Using the data below, print exactly the line with "W międzyczasie budowlańcy", the line with "Let everyone know", and every line between them, but none of the pictures.

GIVEN DATA START

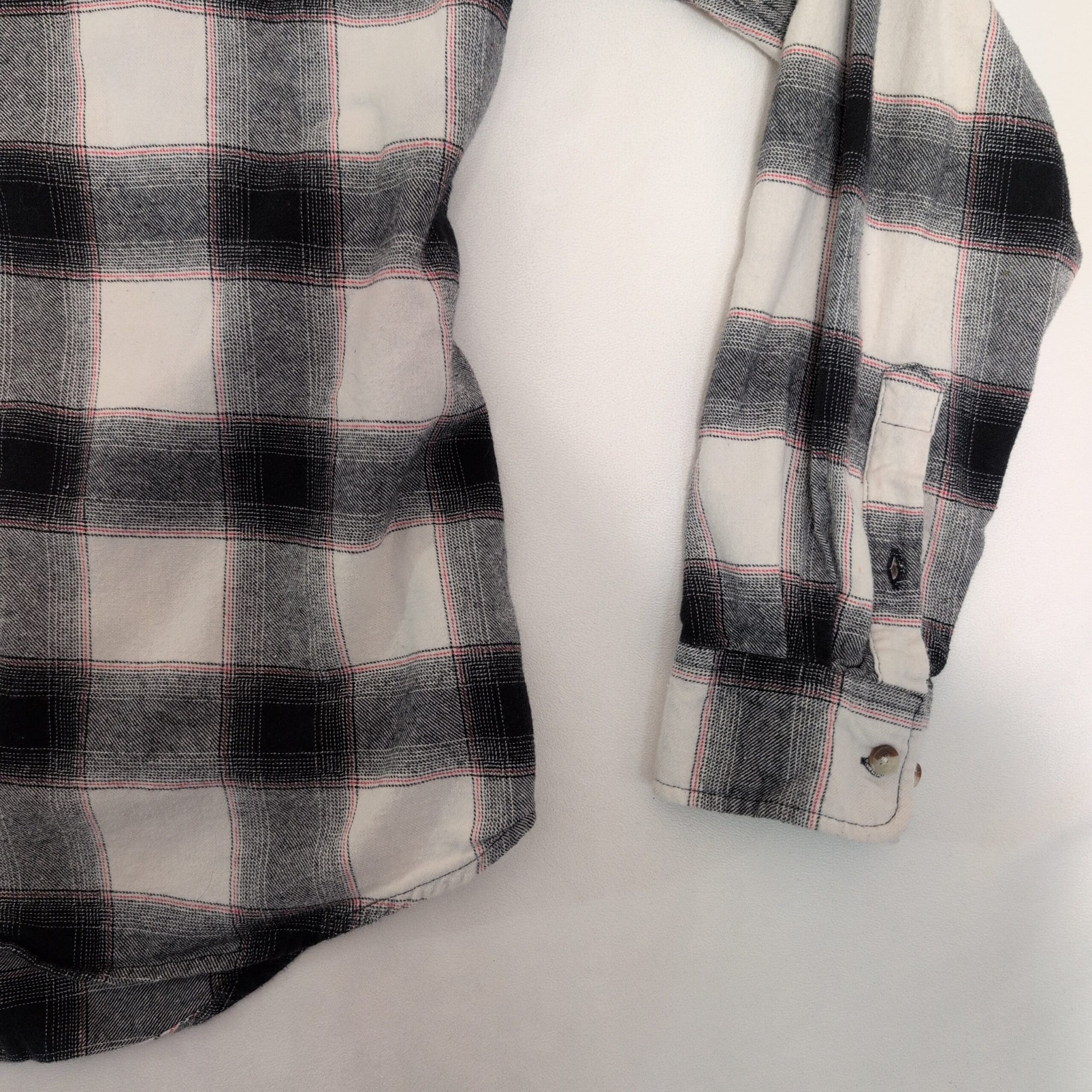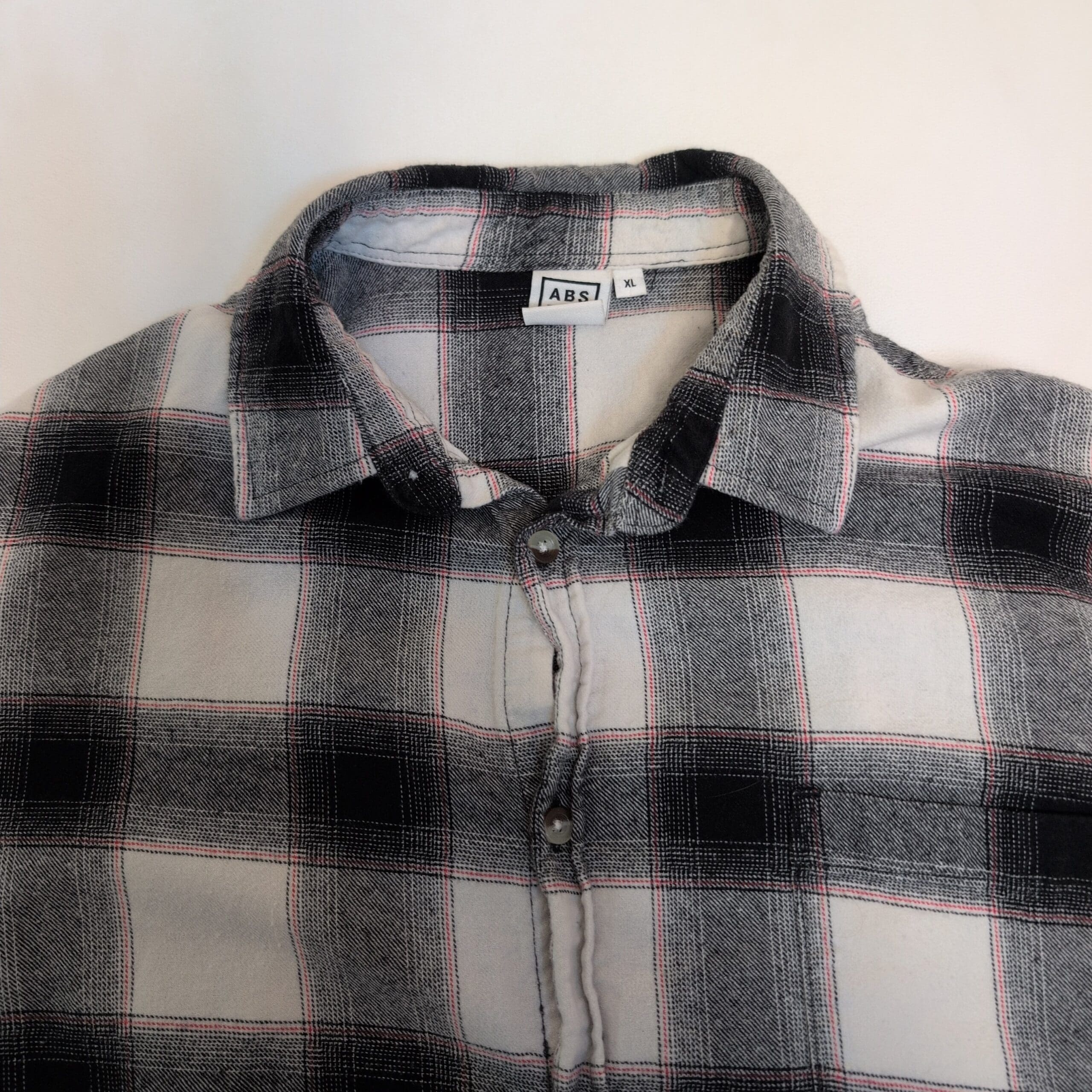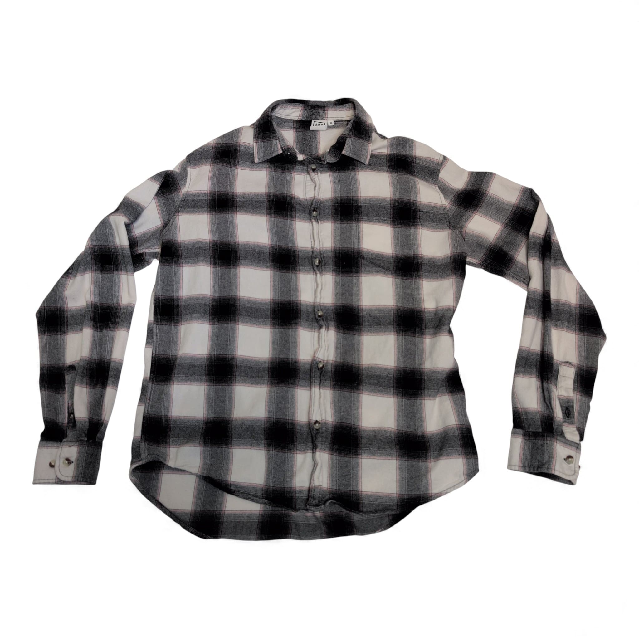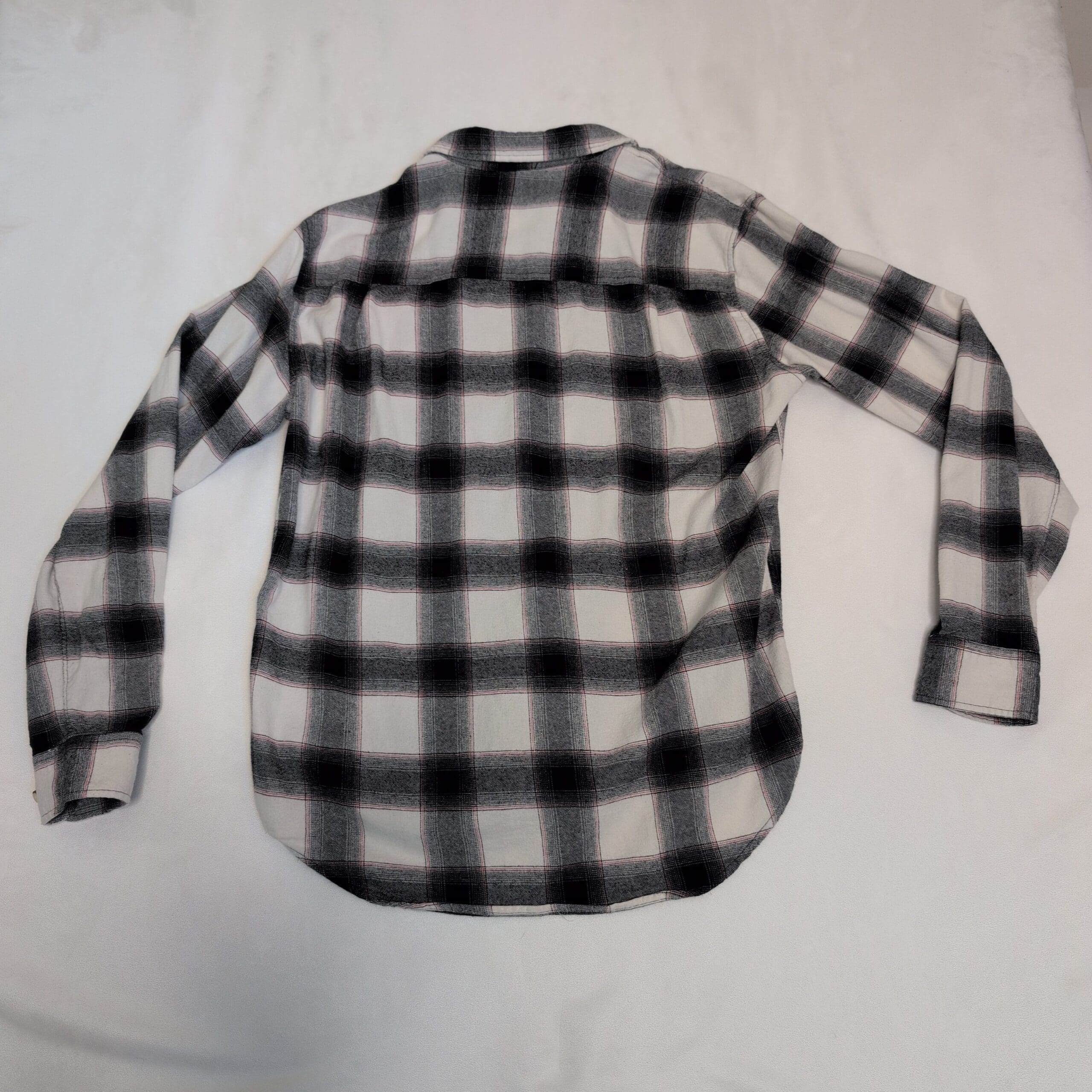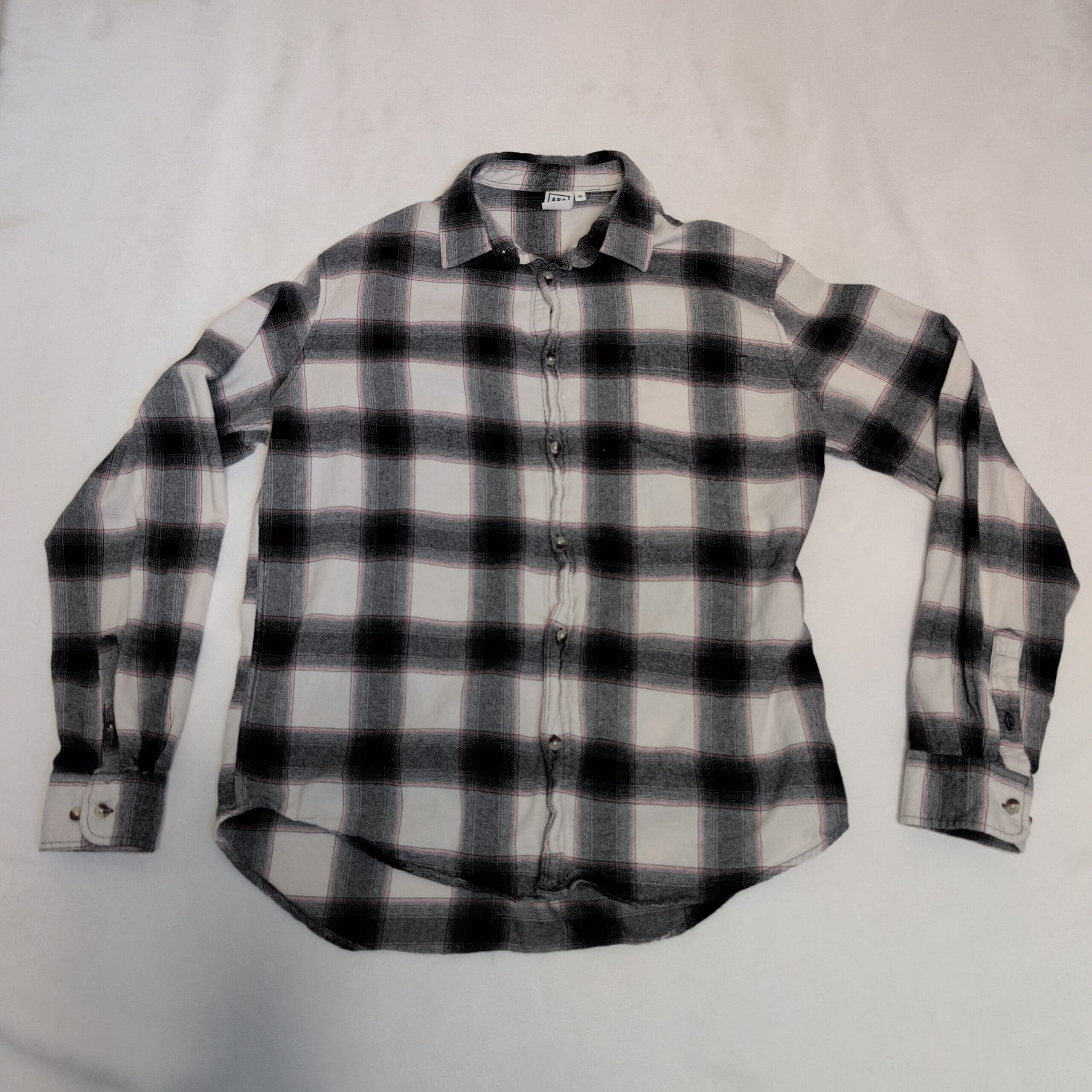 Classic men’s black-and-white plaid long-sleeve button-down shirt in size XL. Relaxed fit with a curved hem for easy tucking and layering. Features a full button front, spread collar, and button cuffs—versatile for casual or smart-casual looks. Pre-owned, gently used and in good condition with normal light signs of wear consistent with regular use. Great staple for everyday wear.
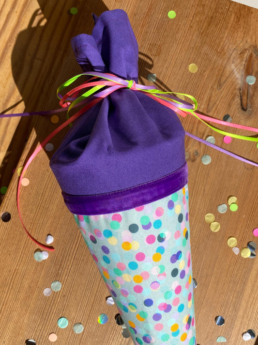Geschwisterschultüte, Zuckertüte, Trosttüte Musselin Schultüte Stoff Schulanfang Einschulung bunte Konfetti Kindergarten Milla Louise lila
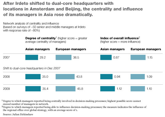 The new arrangements also led to measurable changes in internal attitudes and behavior. Irdeto allowed me to survey managers prior to the December 2007 headquarters shift, and then twice afterward, in 2008 and 2009. Among other things, I looked, using network analysis,1 for changes in the degree to which middle managers based in Asia found themselves centrally involved in and able to influence decision-making processes. The change was dramatic: the centrality of Asian (not just Chinese) managers rose more than 20 percent, and their level of influence increased nearly 30 percent. By the time of the 2009 survey, in fact, the influence scores for Asian managers actually exceeded those for Europeans (exhibit). The quality and quantity of communication between the Asian and European parts of the company also improved significantly.
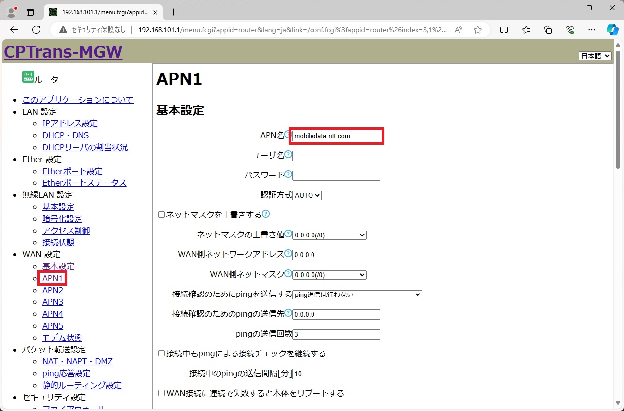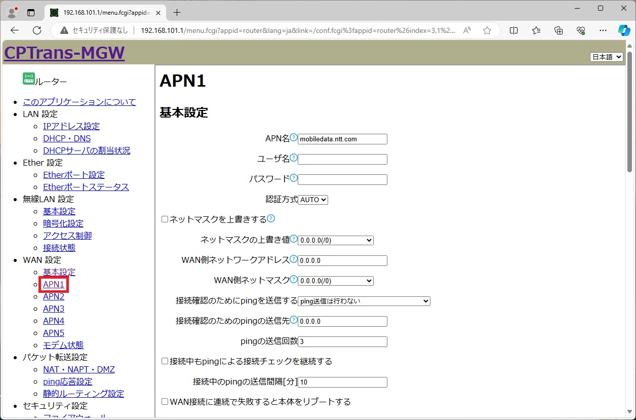 [ルーター] ページの左ペインの [WAN設定] - [APN1] をクリックし、 [APN1] ページを表示します。
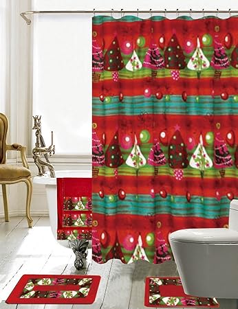 Season S Greetings 18 Piece Embroidery Bath Set 1 Bath Mat 1 Contour Mat 1 Shower Curtain 12 Matching Roller Shower Hooks 3 Piece Matching Towel Seat Small To Large 18 Piece Christmas Tree Amazon In Home Kitchen
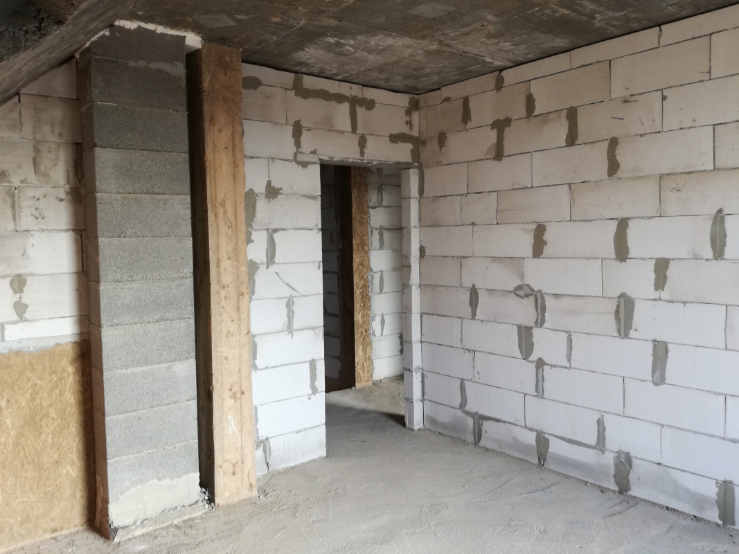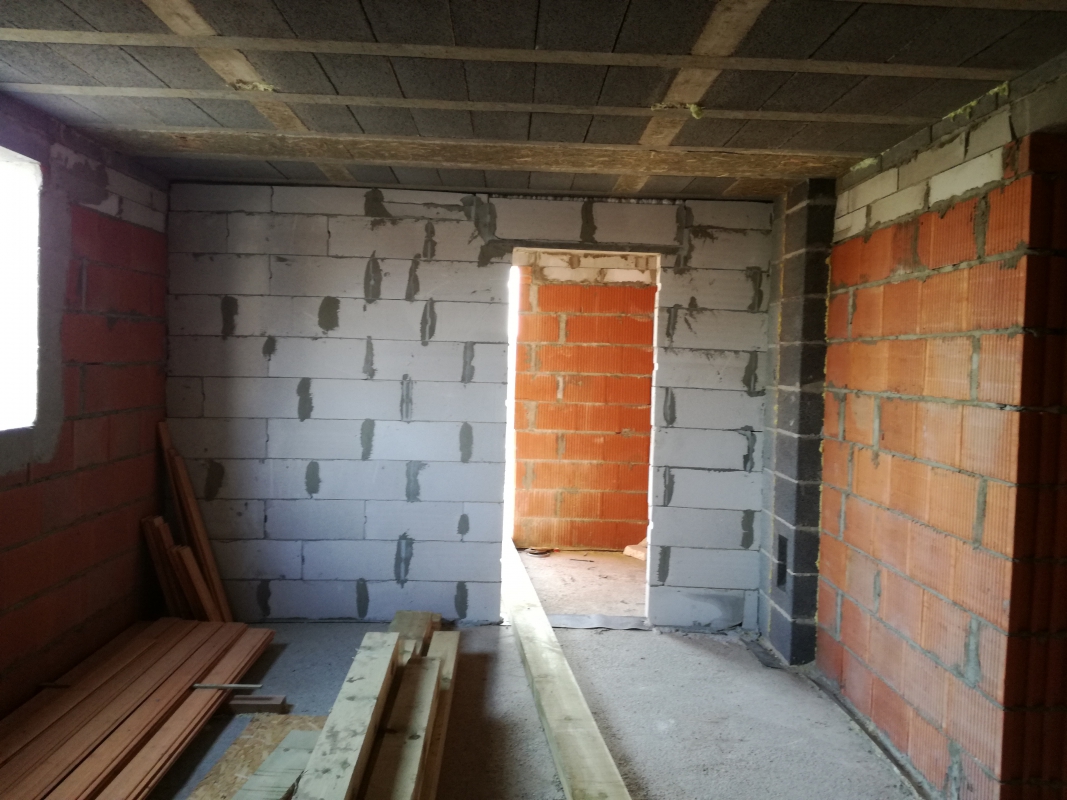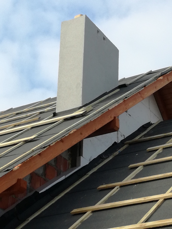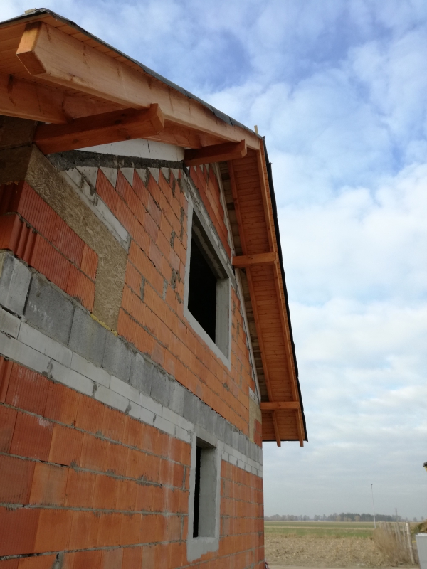 W międzyczasie budowlańcy wykonali resztę ścian działowych oraz ocieplenie i elewacje komina, a sami zamknelismy garaż aby nie wialo.
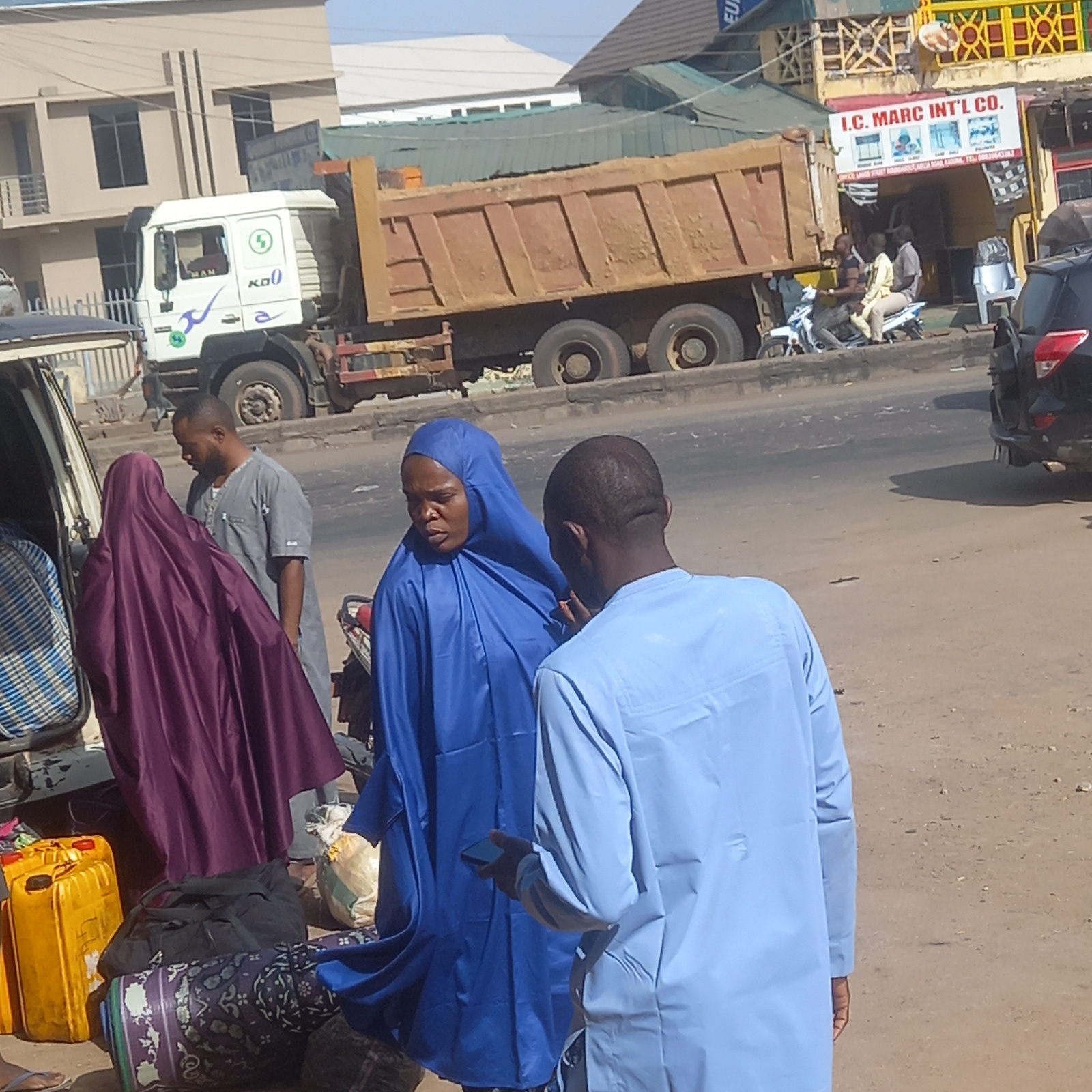 The image depicts a vibrant street scene in what appears to be an urban or commercial area, consistent with Sardauna, Nigeria, captured during a bright, dry day. The image shows a moment of everyday a…read more
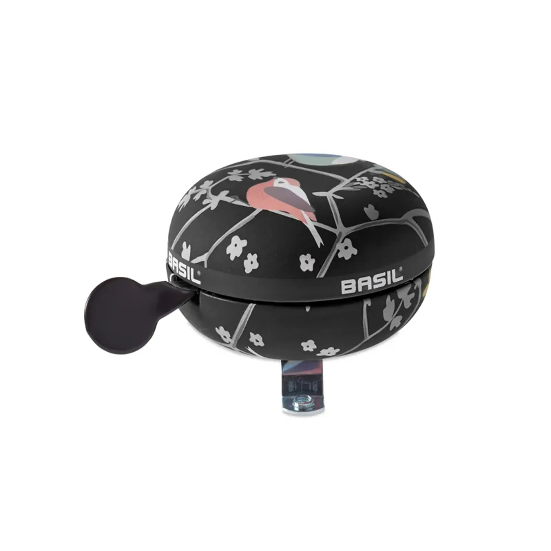 Let everyone know of your arrival with the Basil Big Bell Wanderlust in classic black with a signature bird print
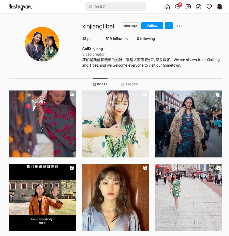 The women, who introduce themselves in the above video as 'Elder Guli' & 'Younger Guli', two 'Uyghur sisters from Xinjiang', featured in the ‘Story of Xinjiang by Guli’ (SOXBG) set of accounts on YouTube, Twitter, Instagram & TikTok.
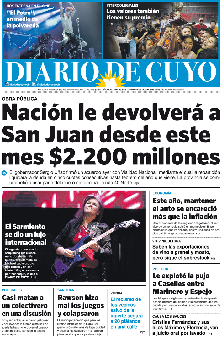 Diario de Cuyo | HOME | Noticias | Tapa Edición Tapa Edición 4 de Octubre 2018 Por Redacción Diario de Cuyo 03/10/2018 · 0:00 Escuchar la noticia Escuchar la noticia Your browser doesn’t support HTML5 audio Tapa Edición Ver los comentarios ›

GIVEN DATA END

- [WRITTEN SOLUTION]:
 W międzyczasie budowlańcy wykonali resztę ścian działowych oraz ocieplenie i elewacje komina, a sami zamknelismy garaż aby nie wialo.
 The image depicts a vibrant street scene in what appears to be an urban or commercial area, consistent with Sardauna, Nigeria, captured during a bright, dry day. The image shows a moment of everyday a…read more
 Let everyone know of your arrival with the Basil Big Bell Wanderlust in classic black with a signature bird print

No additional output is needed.